Data shown:
##########
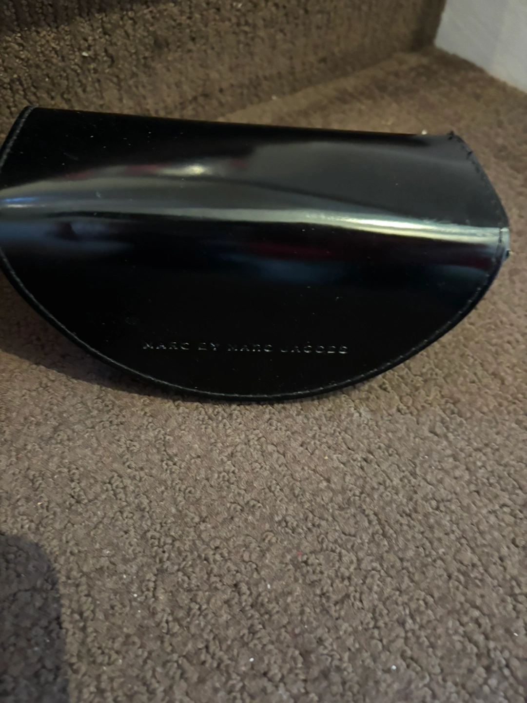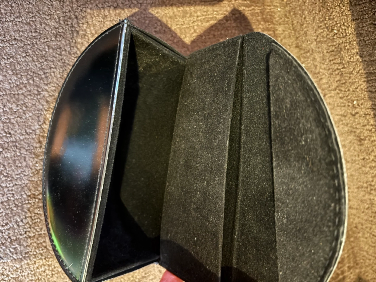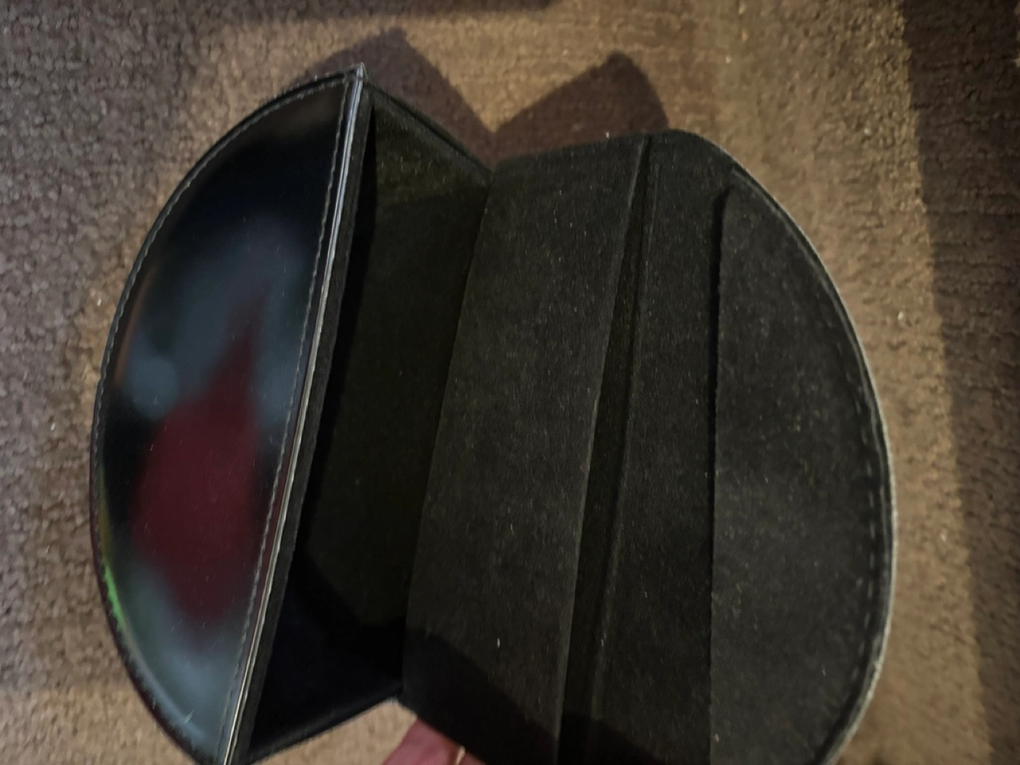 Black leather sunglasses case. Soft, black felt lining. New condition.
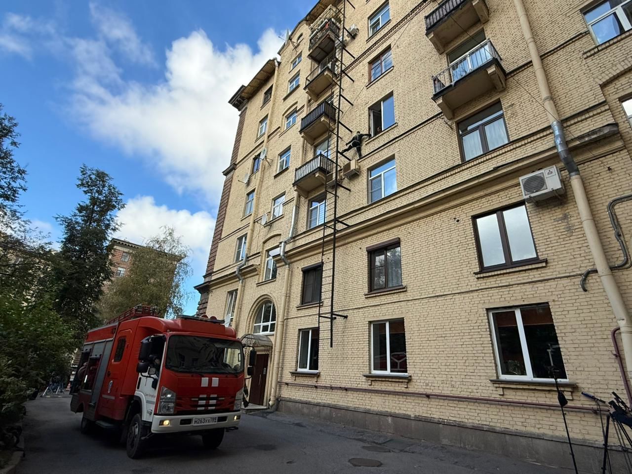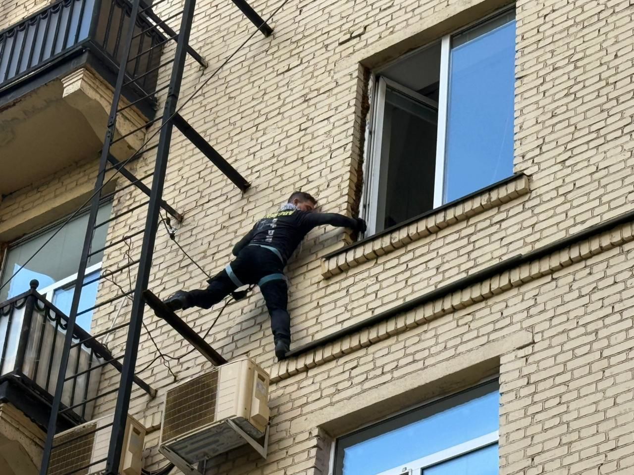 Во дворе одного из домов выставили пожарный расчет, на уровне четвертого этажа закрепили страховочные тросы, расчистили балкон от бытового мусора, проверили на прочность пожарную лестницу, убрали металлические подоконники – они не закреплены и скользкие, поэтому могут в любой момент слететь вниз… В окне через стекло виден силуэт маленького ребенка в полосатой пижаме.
##########
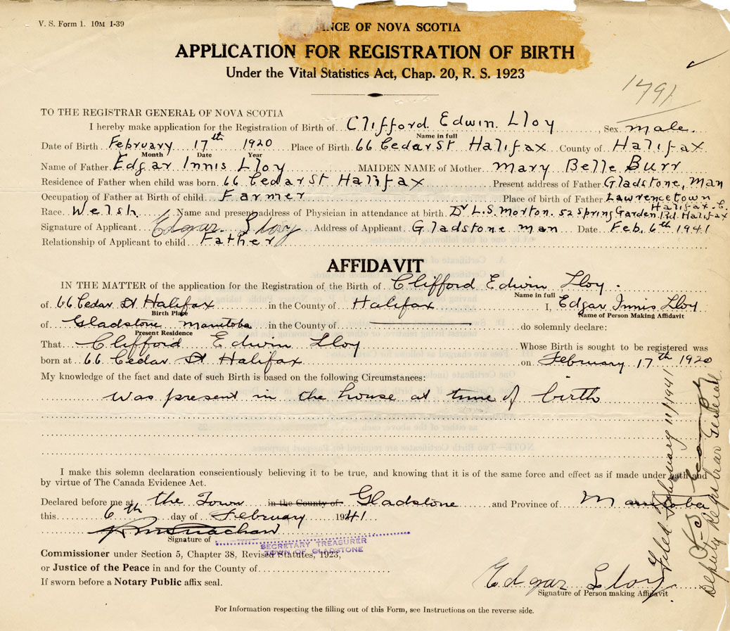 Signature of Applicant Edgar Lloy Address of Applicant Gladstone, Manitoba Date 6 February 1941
##########
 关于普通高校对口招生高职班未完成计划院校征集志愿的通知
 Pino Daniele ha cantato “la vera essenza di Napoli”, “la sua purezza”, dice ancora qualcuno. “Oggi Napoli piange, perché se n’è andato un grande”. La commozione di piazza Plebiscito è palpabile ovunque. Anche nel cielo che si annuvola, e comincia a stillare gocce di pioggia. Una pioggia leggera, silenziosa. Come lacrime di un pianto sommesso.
##########
The task: Looking above, find the stretch of lines that opens with the one holding "Black leather sunglasses" and closes with the one holding "Во дворе одного". Copy it exactly, pictures excluded.

Solution to the exercise:
 Black leather sunglasses case. Soft, black felt lining. New condition.
 Во дворе одного из домов выставили пожарный расчет, на уровне четвертого этажа закрепили страховочные тросы, расчистили балкон от бытового мусора, проверили на прочность пожарную лестницу, убрали металлические подоконники – они не закреплены и скользкие, поэтому могут в любой момент слететь вниз… В окне через стекло виден силуэт маленького ребенка в полосатой пижаме.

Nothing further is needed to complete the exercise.